Who Is Trader Joe’s

When you walk into a Trader Joe’s past the beautiful cut flowers and shelves full of artisan breads back to the small sample area staffed by a friendly employee dressed in jeans and a Hawaiian shirt you feel like you are walking into your neighborhood grocer. Employees are all kind of laid back, everyone seems at home and, if you are a regular, chances are they know your name. It’s just that kind of a place.

On the surface, that is.

Truth is Trader Joe’s is big business for a trust owned by by mega discount chain Aldi’s co-founder Theo Albrecht, Sr.

“Aldi has its roots in Germany and operates 7,500 stores internationally in a dozen countries. The first U.S. store opened in 1976. Aldi has annual U.S. sales of about $5 billion, according to business research company Hoovers.”

Albrecht bought Trader Joe’s in 1979 when it was a small California specialty grocery store chain. It was a very good investment for Albrecht. In 2004 sales “were estimated [at] $2.1 billion, or $1,132 per square foot, twice that of traditional supermarkets, according to the Food Institute, a nonprofit research group in Elmwood Park, N.J.

Trader Joe’s magic is a combination of its low prices and “feel good” atmosphere – plus, in the words of one consultant, “they have no competition.”

Via Business Week Online

Giving Joe and the Albrecht Family Trust their due, it must be said that Trader Joe’s is known for treating its employees better than the average grocery chain. This fact makes their reluctance to use their leverage to make a statement urging better conditions for farmworkers all the more difficult to swallow.

What do you say Joe? Are you going to do the right thing?

4 Comments (+add yours?)

  1. bookfraud
    Jul 02, 2008 @ 20:34:33

    that’s because if they actually fought for better farmworker rights, it would be an implicit acknowledgment they’ve been selling foodstuffs made by exploited workers. they have very little to gain; only if people like yourself keep the heat on will they do anything.

    why people are ga-ga over a grocery store is beyond me; then again, i’ll eat processed cheese for dinner and call it haute cuisine.

    It is a terrible dilemma once you realize the human cost of our disposable culture. Dealing with unemployment and feeding my family makes buying at Wal-mart or Trader Joe’s so appealing, but I can’t make myself shop at W-M and at Trader Joe’s now I feel compromised. I am addicted to TJ’s Irish Breakfast Tea and it is cheap, cheap, cheap; when my current box runs out do I go back knowing what I do? Or do I buy from another grocery chain (who treats their employees poorly incidentally) and pay twice as much. Once you start looking at all this stuff it makes your head explode.

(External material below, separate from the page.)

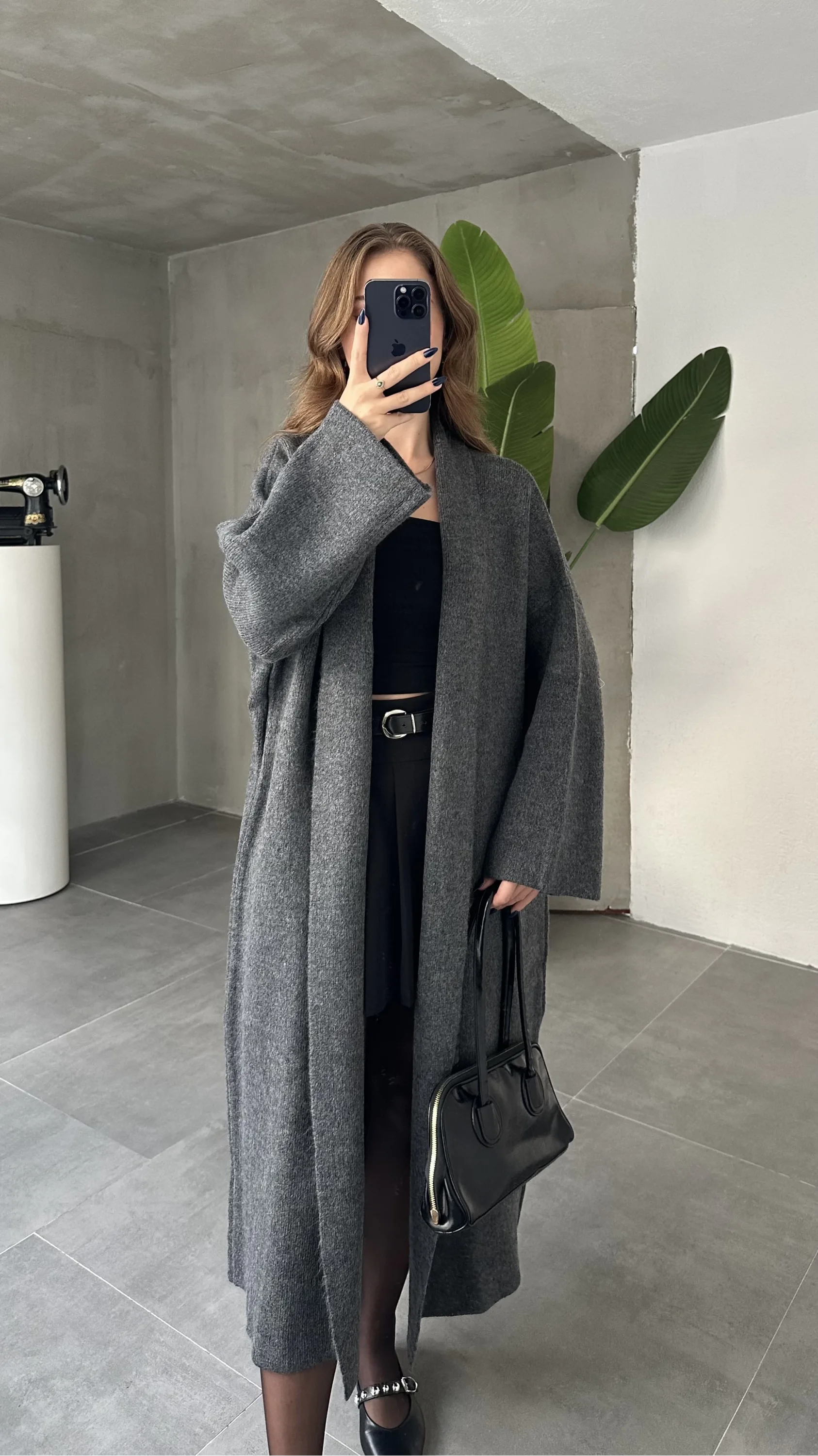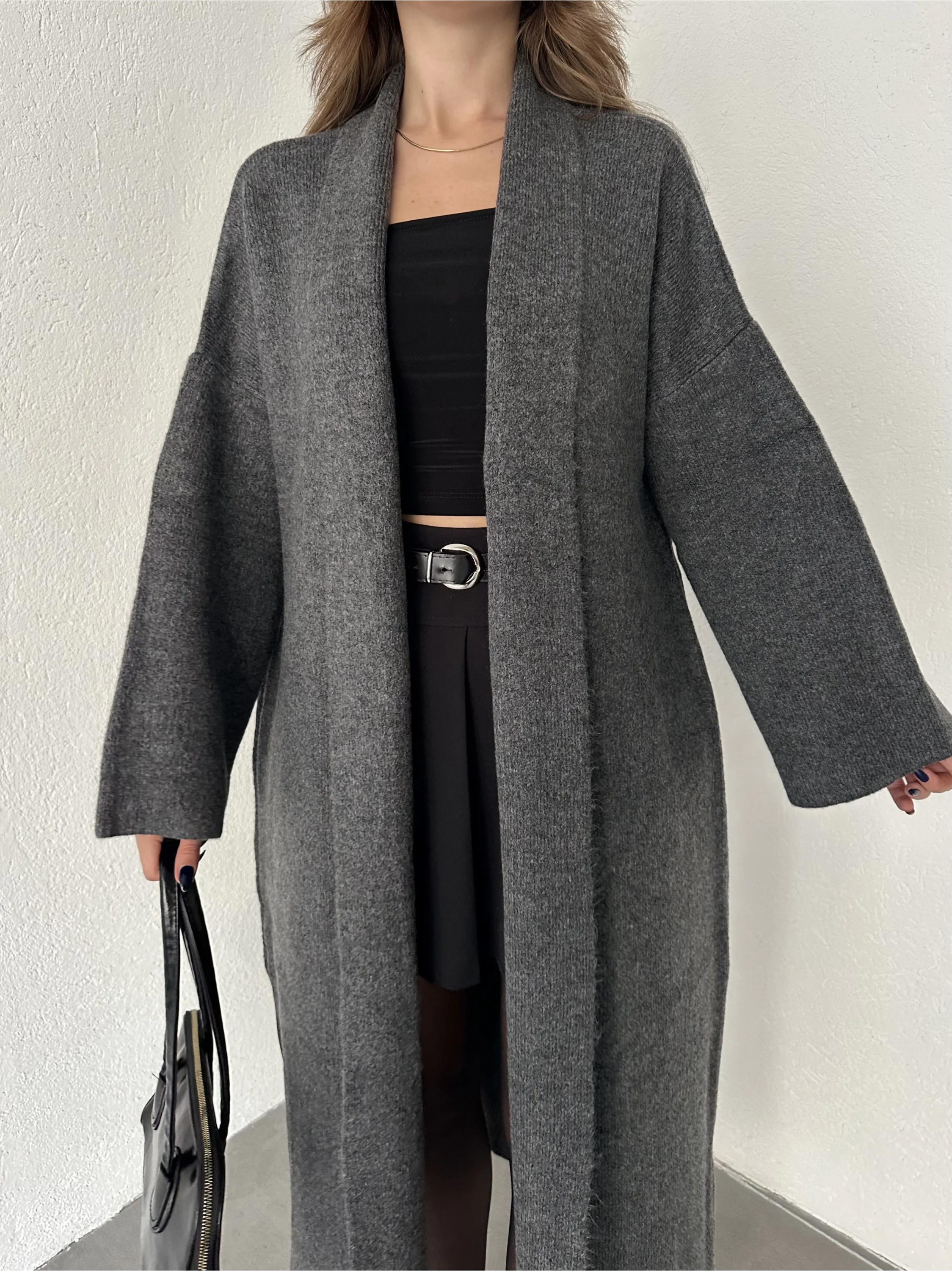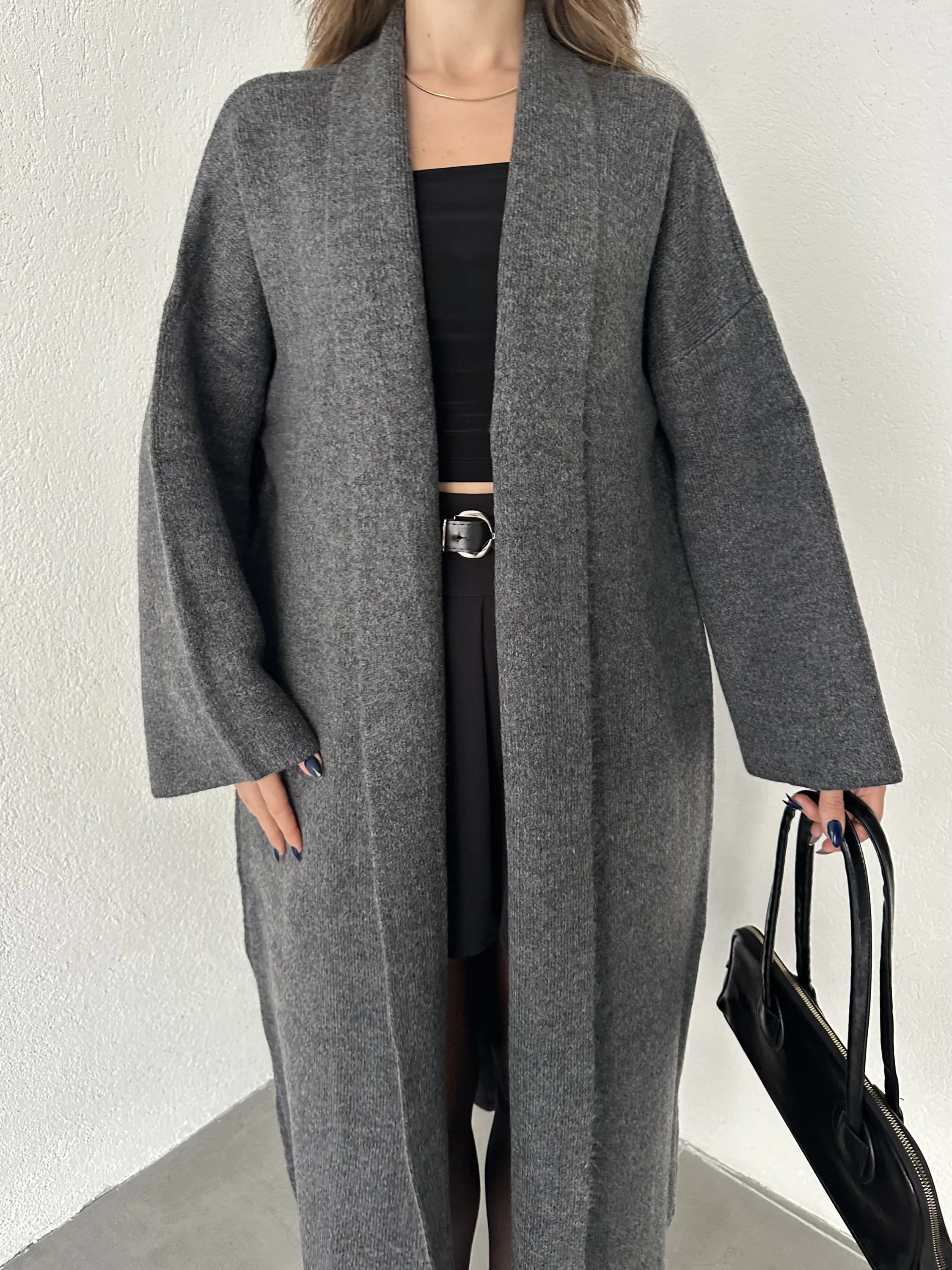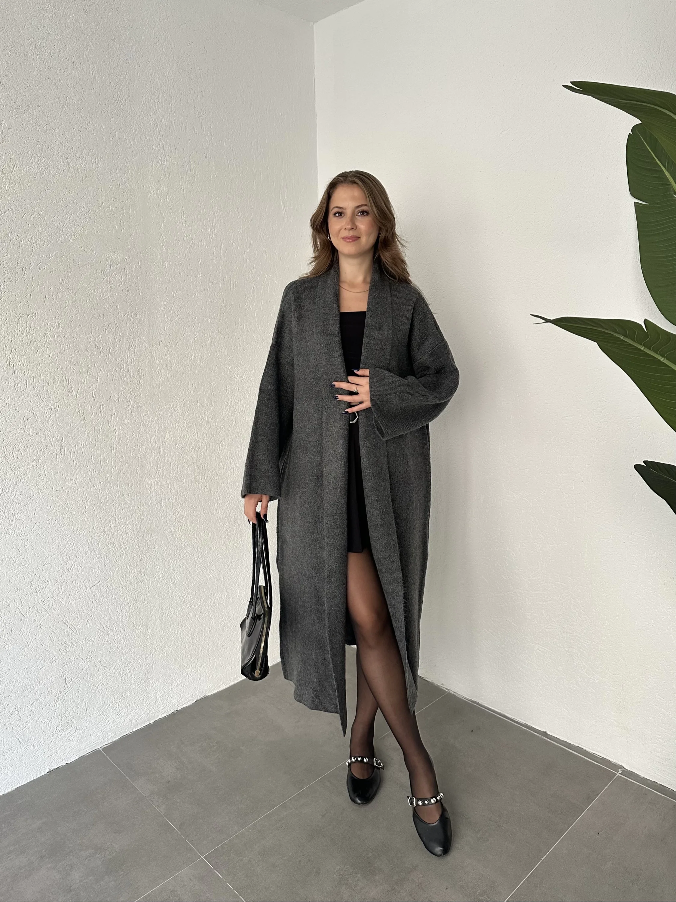 Antrasit Şal Yaka Tam Boy Uzun Salaş Oversize Triko Hırka

    I grew up on Valveeta cheese melted over macaroni – it was the haute cuisine of my childhood!

    Reply

  2. Cheryl
    Jul 05, 2008 @ 18:34:05

    I shop almost exclusively at TJ’s… 1) b/c they don’t use chemicals, additives, corn syrups, etc. in MOST of the foods they sell, 2) they are DIRT CHEAP on items that I need every day like milk, eggs, cheese, etc. *and* those items aren’t laden w/ antibiotics or hormones and 3) the staff at TJ’s is friendly, helpful, knows their product line AND can actually bag groceries properly. A lost art IMO.

    With the exception of fresh produce, which I buy at local Farmer’s Markets or at Whole Foods, and paper products which I buy at Target, there is no reason for me to ever step foot in a Von’s, Ralph’s, Albertson’s, etc. again.

    Just sayin’.

    But thanks for the info about the company. A native CA Girl and I had NO idea they weren’t still a locally owned company.

    Cheryl ~
    @jasperblu

    Cheryl – I hear what you are saying and I understand. I think just as the pulled eggs off the shelf from a supplier who video showed was abusing chickens, they should make a statement reinforcing safe working conditions for the farmworkers who tend vines for the Franzia family.

    Reply

  3. Walter
    Apr 24, 2009 @ 12:26:57

    I shopped the original Trader Joe’s location in Pasadena back in the mid-Seventies, back then, a small convenience store on South Lake Avenue.

    Having shopped occasionally shopped at the Santa Fe, NM store, I found it to be just another name for Wal*Mart; a grocery store for wealthy people too cheap to buy better products. I find their products un-edible due to the multi ingredients in them that have no place in some products. Eggs and peanuts in particular seem to be in everything.

    Reply

  4. Sandra
    Oct 15, 2010 @ 12:53:50

    I agree. They should use their power as leverage to make people aware of the horrible conditions tha farmworkers work AND live in. The giant corporations make money off of mostly migrant workers and just contribute to the exploitation of human beings. It’s modern day slavery.